经移动存贮介质传播的病毒patty.exe的查杀 bbs.ikaka.com

baohe - 2007-12-3 18:36:00

此毒经移动介质传播。病毒模块twain.dll插入winlogon进程；病毒模块1sasrv.dll和adsldps.dll动态插入所有应用程序进程。通过IFEO劫持多个杀毒软件以及常用手工杀毒工具（这次，连XDELBOX1.3也劫持了）。
中毒后的SRENG日志见附件。

利用XDELBOX1.6和IceSword的手工查杀流程如下：
0、将IceSword和XDELBOX分别改名为IS.COM和XDEL.COM。
1、将下列文件拷贝到剪贴板：
C:\DOCUME~1\ALLUSE~1\「开始~1\程序\启动\hkcmd.pat
C:\DOCUME~1\ALLUSE~1\「开始~1\程序\启动\igfxtray.pat
C:\DOCUME~1\ALLUSE~1\「开始~1\程序\启动\REALSC~1.PAT
C:\WINDOWS\system32\1sasrv.dll
C:\WINDOWS\system32\adsldps.dll
C:\WINDOWS\system32\c28591.nls
C:\WINDOWS\system32\Ilass.exe
C:\WINDOWS\system32\SOUNDM~1.EXE
C:\WINDOWS\system32\SVCH0ST.EXE
C:\WINDOWS\system32\twain.dll
c:\autorun.inf
c:\patty.exe
e:\autorun.inf
e:\patty.exe
r:\autorun.inf
r:\patty.exe
2、运行改名后的XDEL.COM。右击待删除文件列表窗口，点击“从剪贴板导入”（XDELBOX提示文件不存在，不必理会此提示。）
3、右击待删除文件列表窗口，点击“立即执行重启删除”。
4、重启后，用改名运行的IceSword删除以下注册表内容：
（0）展开HKEY_CLASSES_ROOT，
删除.pat子键
（1）展开：HKEY_CLASSES_ROOT\
删除：patfile子键
（2）HKEY_LOCAL_MACHINE\SOFTWARE\Microsoft\Windows NT\CurrentVersion\Winlogon\Notify\
删除：BITS子键（指向C:\windows\System32\twain.dll）
（3）展开：HKEY_LOCAL_MACHINE\SOFTWARE\Microsoft\Windows NT\CurrentVersion\Image File Execution Options\
删除所有指向C:\windows\system32\SVCH0ST.exe的子键（很多。慢慢删。）。

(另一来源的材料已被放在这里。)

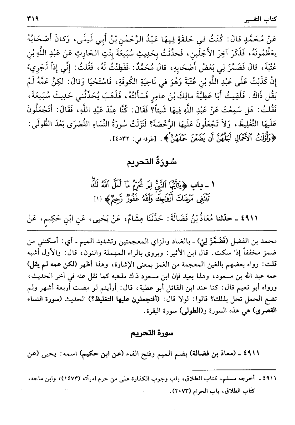 محمد بن الفضل (فَضَمَّزَ لِي) -بالضاد والزاي المعجمتين وتشديد الميم- أي: أسكتني من ضمز مخففًا إذا سكت. قال ابن الأثير: ويروى بالراء المهملة والنون، قال: والأول أشبه قلت: رواه بعضهم بالغين المعجمة من الغمز بمعنى الإشارة، وهذا أظهر (لكن عمه لم يقل) عمه عبد الله بن مسعود، وهذا بعيد فإن ابن مسعود ذاك مذهبه كما نقل عنه في آخر الحديث، ورواه أبو نعيم قال: كنا عند ابن القاتل أبو عطية، قال: أرأيتم لو مضت أربعة أشهر ولم تضع الحمل تحل بذلك؟ قالوا: لولا قال: (أفتجعلون عليها التغليظ؟) الحديث (سورة النساء القصرى) هي هذه السورة و (الطولى) سورة البقرة.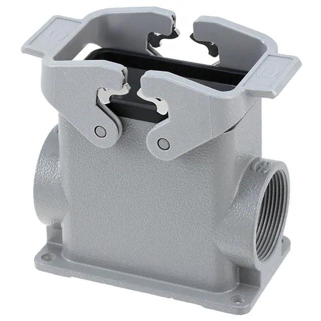 This is manufactured by HARTING. The manufacturer part number is 09300100233. Additionally, the product is designed with side entry Style. It is assigned with possible HTSUS value of 8538.90.8180. The product is rohs3 compliant. It has a typical thread size of pg29. The product has -40°c ~ 125°c operating temperature range. Its typical moisture sensitivity level is 1 (unlimited). The product's housing has finished with a rugged powder coated. In addition, it is reach unaffected. It has an integral gray housing colour. It is shipped in bulk. base - box mount Connector type offer robust functionality. The product's diameters include 3.701" l x 2.244" w x 3.181" h (94.00mm x 57.00mm x 80.80mm). It has a long 8 weeks standard lead time. The product also features robust aluminum, die cast housing material. It is IP rated with ip65 - dust tight, water resistant. The product han® b, is a highly preferred choice for users. Lock Type & Location Information: locking clip (2) on base bottom. The product is available in 10b size. Moreover, it corresponds to 09300100, a base product number of the product. The product is designated with the ear99 code number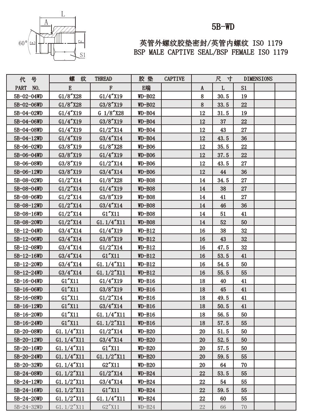 5B-WD 英管外螺紋膠墊密封/英管內(nèi)螺紋 ISO 1179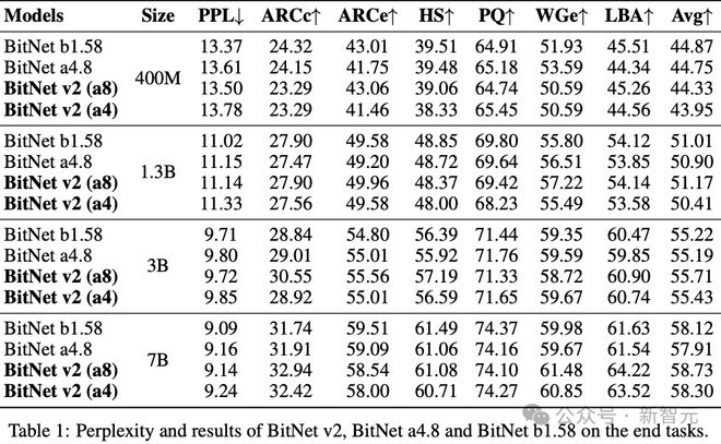 BitNet v2及其基线模型的详细实验结果,如表1所示。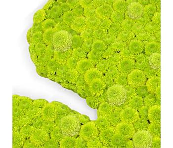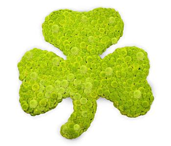 This large four-leafed clover tribute has been lovingly crafted from individual kermit chrysanthemum heads. Floristry at its best, this large and impressive tribute. Available in one size only approximately 22" across.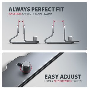 Vlastnosti: • Lehká a pevná kovová konstrukce. • Protiskluzová úprava, která zároveň chrání zařízení od poškrábání. • Vhodný pro 10"–17.3" notebooky nebo jiná zařízení. • Nastavitelná šířka 9.5–25.5 mm. • Kompaktní rozměry. • Držák notebooku umožňuje lepší odvod tepla. • Rozměry: 150 × 50 × 80 mm (Š × H × V). • Hmotnost: 177 g.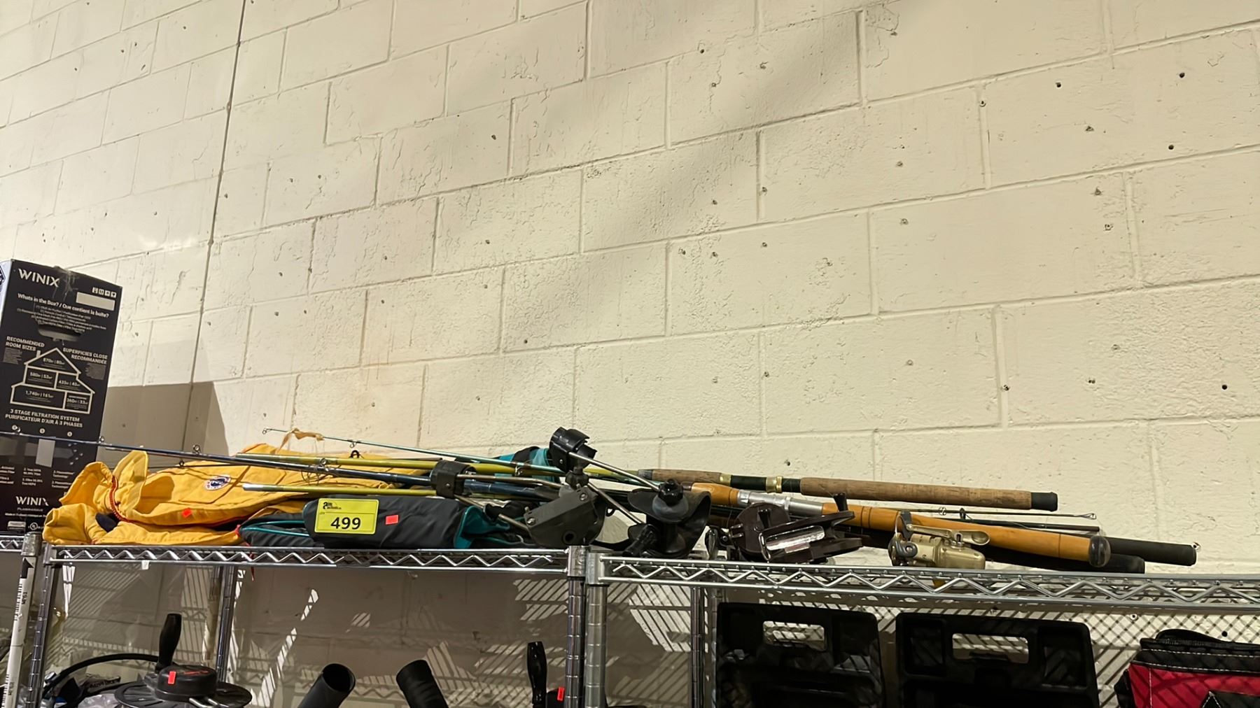 SHELF OF ASSORTED FISHING GEAR INCLUDING; RODS, RAIN JACKET, LIFE VEST & MORE

[用户系统信息]Opera/9.22 (Windows NT 5.1; U; zh-cn)

附件: 1558472007123182521.txt

天月来了 - 2007-12-3 18:56:00

又学了几个

天天泡泡 - 2007-12-3 21:03:00

跟原来的那几个诸如Sos.Exe、Hide.exe也是差不多的东西吧，就是清起来太多了。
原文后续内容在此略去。